### [What is expected]
All of the data below should be printed again word for word, pictures excluded.

### [Collected data]
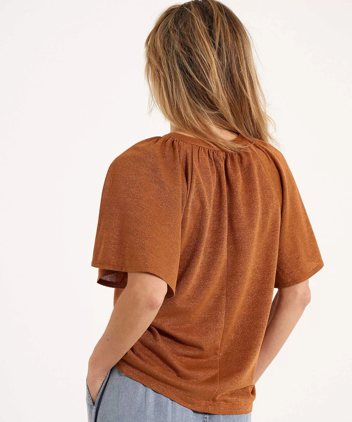 Vlinder De Zon Tegemoet Met Deze Lurex Summum Top Met Korte Vlindermouw. Wat Een Sprankelende Cognac Kleur En Wat Een F…
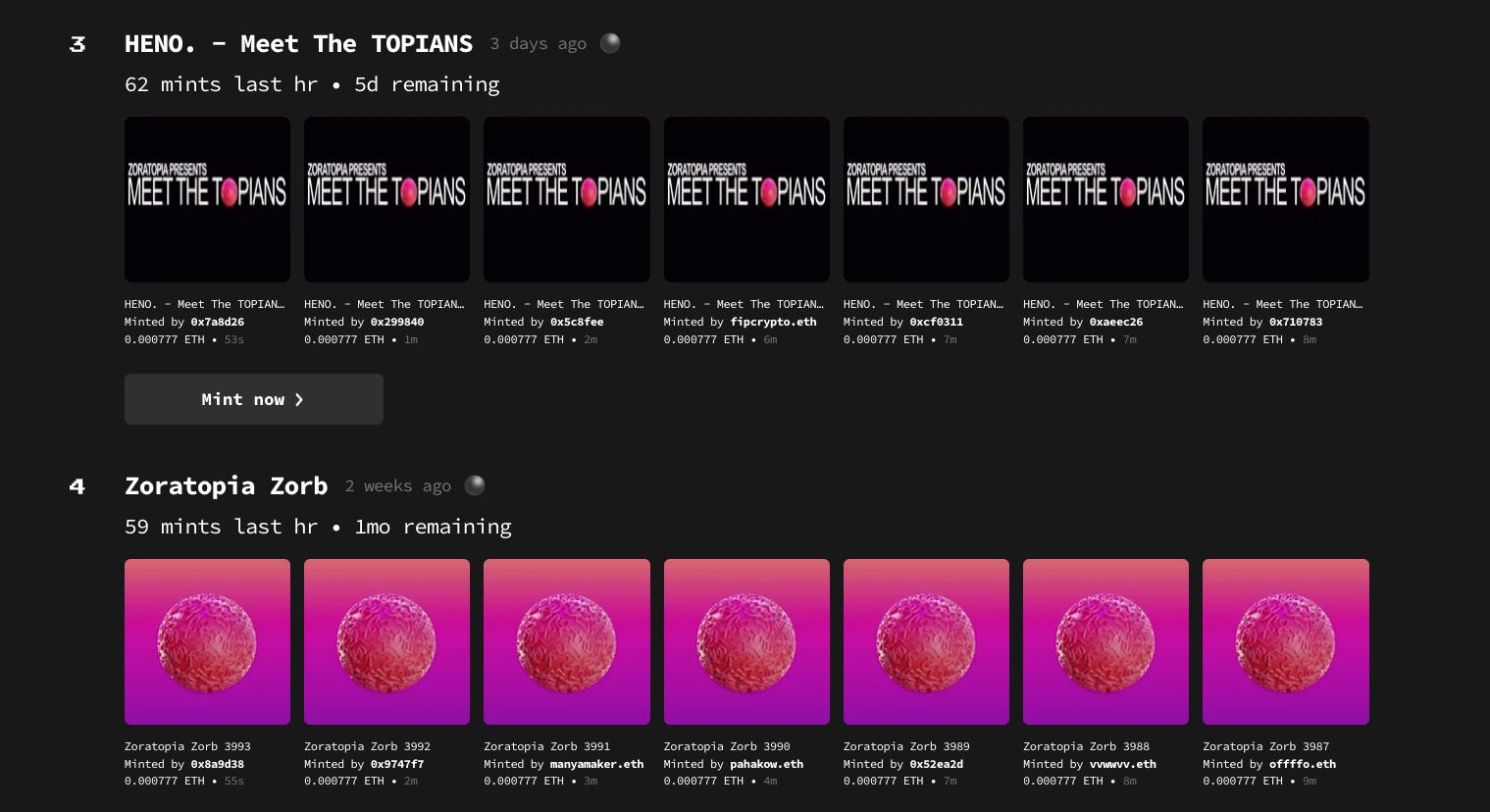 Each NFT mint will cost roughly $2, including both the Zora marketplace mint fee as well as the gas fee on the Zora network.
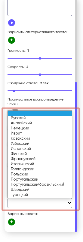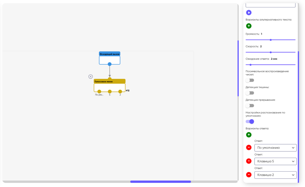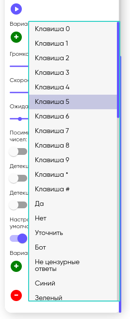 При нажатии на поле “Ответ” раскроется список с вариантами ответа. В качестве вариантов ответа могут быть назначены клавиши телефона, а также Голосовые ответы абонента.

### [Output for this exercise]
 Vlinder De Zon Tegemoet Met Deze Lurex Summum Top Met Korte Vlindermouw. Wat Een Sprankelende Cognac Kleur En Wat Een F…
 Each NFT mint will cost roughly $2, including both the Zora marketplace mint fee as well as the gas fee on the Zora network.
 При нажатии на поле “Ответ” раскроется список с вариантами ответа. В качестве вариантов ответа могут быть назначены клавиши телефона, а также Голосовые ответы абонента.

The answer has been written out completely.